Все, что мне дорого. Письма, мемуары, дневники (Приставкин) - страница 145

Нет, «дуста» не оказалось. И оттуда, из неведомой Германии, сперва из Бонна, потом Кельна, где они поселились, Копелевы ухитрялись пересылать письма на тонкой, почти папиросной бумаге, но слова-то были вполне весомые, как и главная, постоянная и плодотворная мысль о единстве и неразрывности нашей и европейской культуры.

Эти идеи потом были выражены во всех книжках, написанных Раей Орловой за рубежом.

Мне повезло увидеть их и «там», когда впервые разрешили (вот плоды перестройки) выехать в составе небольшой группы в город Мюнхен. Войнович, которого там я встретил и с которым просидел всю ночь за русской водкой с итальянскими пельменями, называл его, посмеиваясь, «город Мухин», не без намека, что он особенно теплый и почти русский, поскольку тут, около радиостанции «Свобода», прижилось много наших земляков.

Нагрянули из Кельна и Копелевы, сохранилась фотография, где мы снялись на соборной площади у какого-то фонтана. Рая уже легко объяснялась по-немецки, в кабачке, в который мы зашли пообедать. Ну а я, от природы не склонный к языкам, готовый преклоняться перед каждым, кто хоть мало-мало может что-то балакать по-иному, тут же выразил свое восхищение, на что она небрежно заметила, что это так… твоя-моя. «…Вот Лева, тот и здесь лучший языковед, чем сами немцы…»

Но я и сам заметил, что он популярен невероятно: в огромном городе, где мы гуляли по улицам, прохожие останавливались, здоровались, как с близким человеком, снимали в знак уважения шляпы, а из проезжающих машин приветствовали, махали руками.

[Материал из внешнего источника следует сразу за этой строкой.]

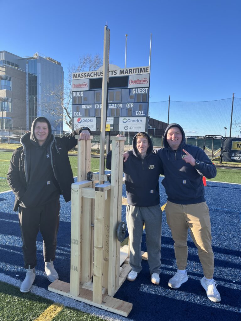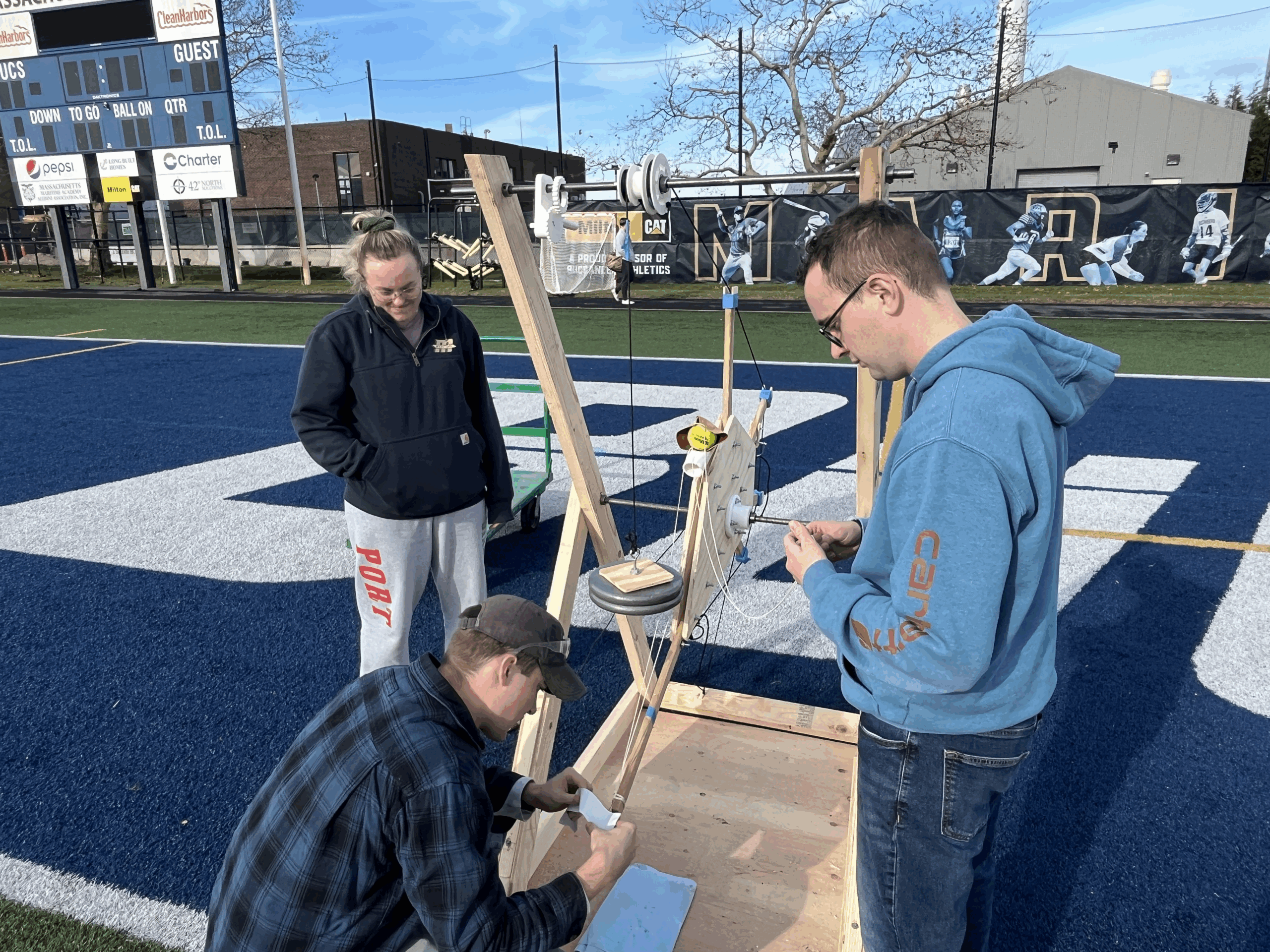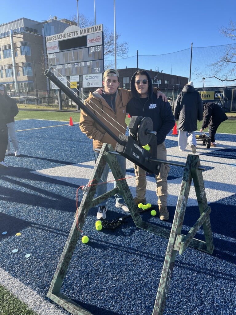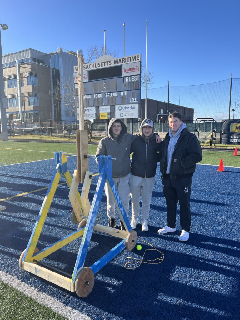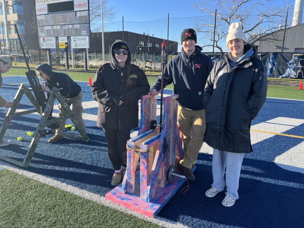 The ESE class of 2027 Introduction to Design cadets conducted a Trebuchet Competition event on December 11. Each of the six teams was provided 20 pounds of weight with a maximum drop height of 3 feet as a potential energy source to throw a tennis ball as far as possible down the field. The teams spent 8 weeks designing, building and testing their Trebuchet design concepts. The competition event had 3 design objectives; longest distance, most consistent distance and fastest firing rate of 5 tennis balls.
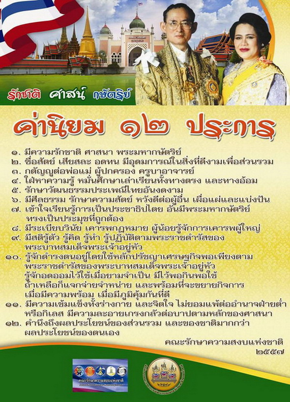 ค่านิยม ๑๒ ประการ (คณะรักษาความสงบแห่งชาติ ๒๕๕๗) ค่านิยม ๑๒ ประการ (คณะรักษาความสงบแห่งชาติ ๒๕๕๗)   28 ก.ค. 2557
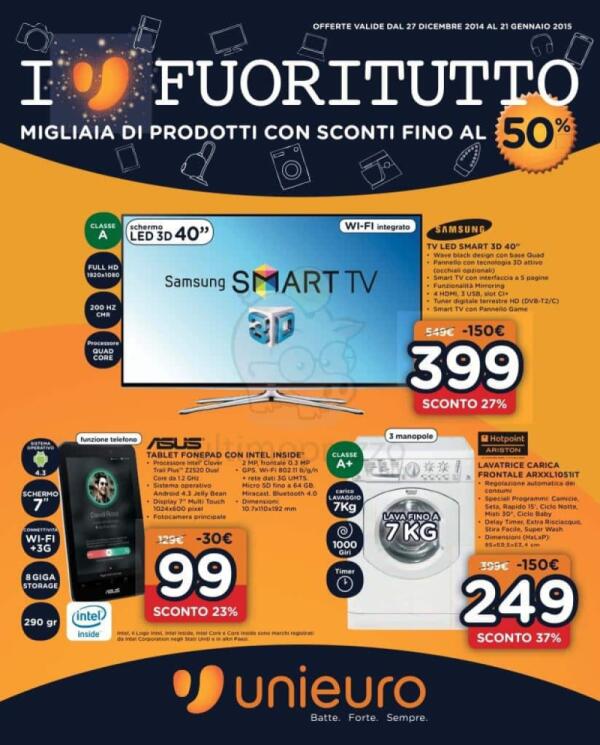 Volantino Unieuro: Il fuoritutto continua fino all’11 Febbraio con sconti fino al 50%
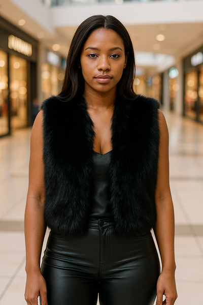 Black Faux Fur Vest – Soft Plush Winter Layer for Casual, Streetwear & Night Out Style
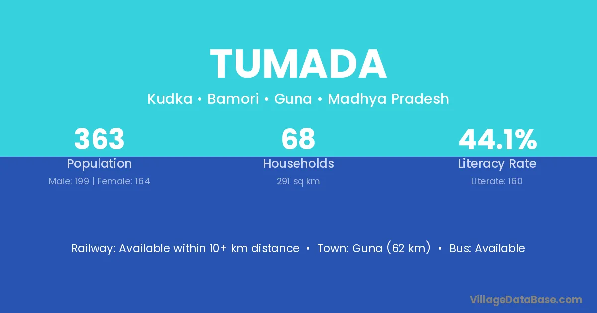 Guna (62 km) is the nearest town to Tumada village for major economic activities and is located approximately 62 km away.
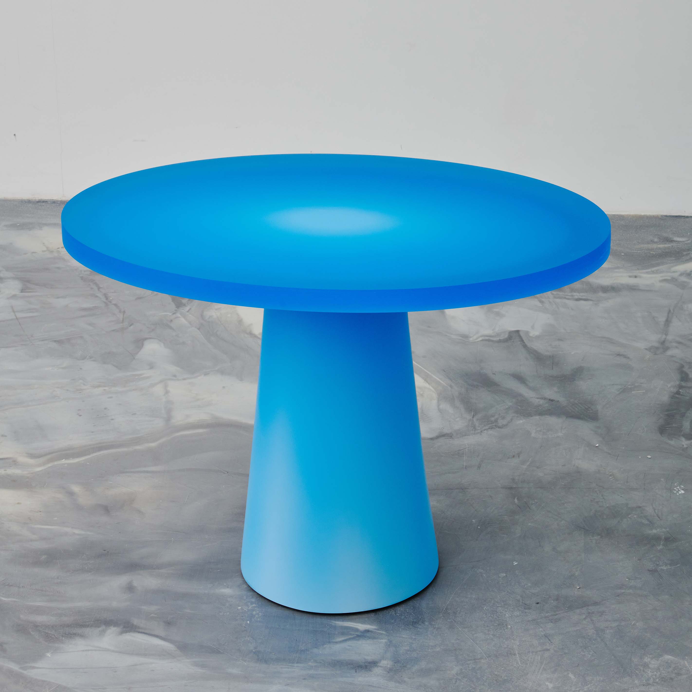 The Elliptical Entry Table consists of an oval top set on a tapered conical base. The tone manipulation of the core adds dimensions to its quality. Simple in design but maximalist in approach. The regular course of the light is diverted from within, refracting in dynamic & unexpected ways towards a more saturated blue edge
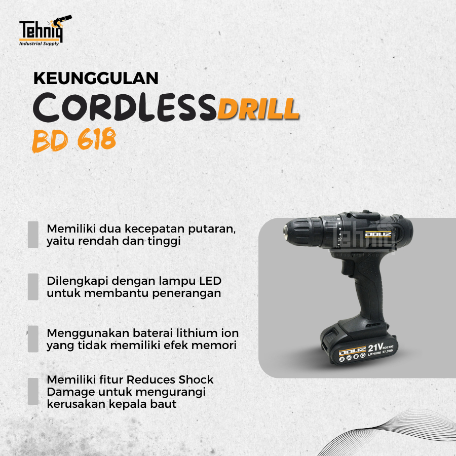 Doliz Bd618 Mesin Bor Cordless Drill 21V
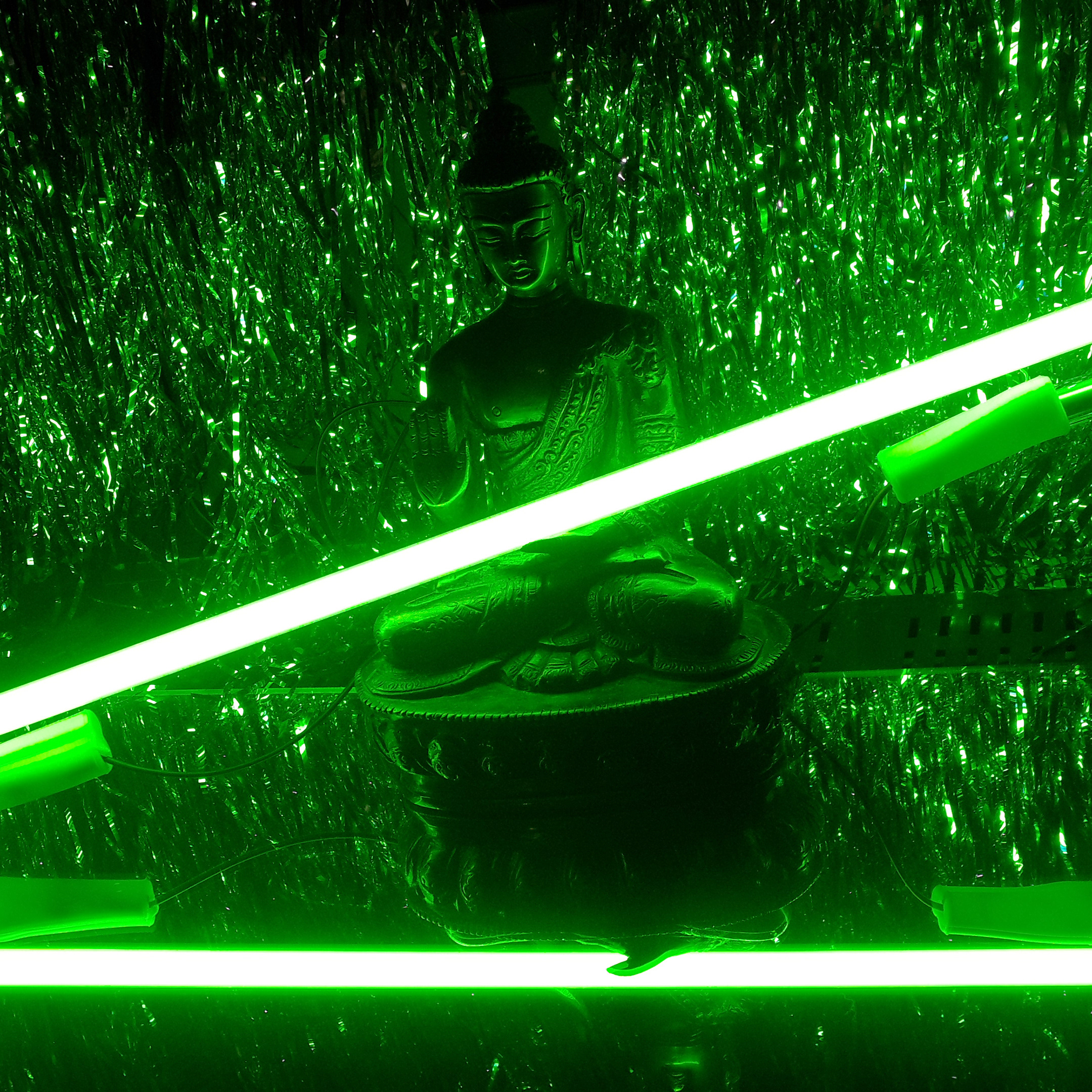 When injected into the space of the installation, the visitor finds himself in an environment saturated with dynamic reflexes. The easiest way it can be described is as a flare at the bottom of the pool on a sunny day, or reflective sunlight effects, appearing inside the arches of the coastal caves. This study uses 12 independent light sources, which leads to a complex interaction of caustic effects. Spectators traveling inside the space of work, throw multiple dynamic shadows and add means to artistic expression.

Я тогда, помню, даже где-то написал, что Копелева в Германии знают и чтут, как не знают и не чтут на его родине… Но, может, я был не совсем прав, его и тут, конечно, помнили.

А поздней осенью девяносто первого я из Кельна, куда попал впервые, проездом, всего на несколько часов, тут же позвонил Копелеву, но оказалось, именно этой ночью у него случился сердечный приступ и его увезли в больницу. Ну а Рая, естественно, рядом. Но там такие странные больницы, что можно позвонить пациенту по телефону… И я позвонил, и смог его услышать, и даже в таком состоянии он был полон всяческих планов по организации какого-то германо-русского просветительского журнала, который помогал бы объединять (снова – объединение!) интеллигенцию наших стран. И уже через неделю при следующем моем звонке из другого города кто-то из его секретарей (добровольная бригада студентов-русистов, которых Копелев в шутку называл «мое политбюро»), сообщил мне, что Копелев вновь в поездке и нескоро вернется. Ну что же, подумалось, он такой, был таким и остался, и в подвижничестве его жизнь.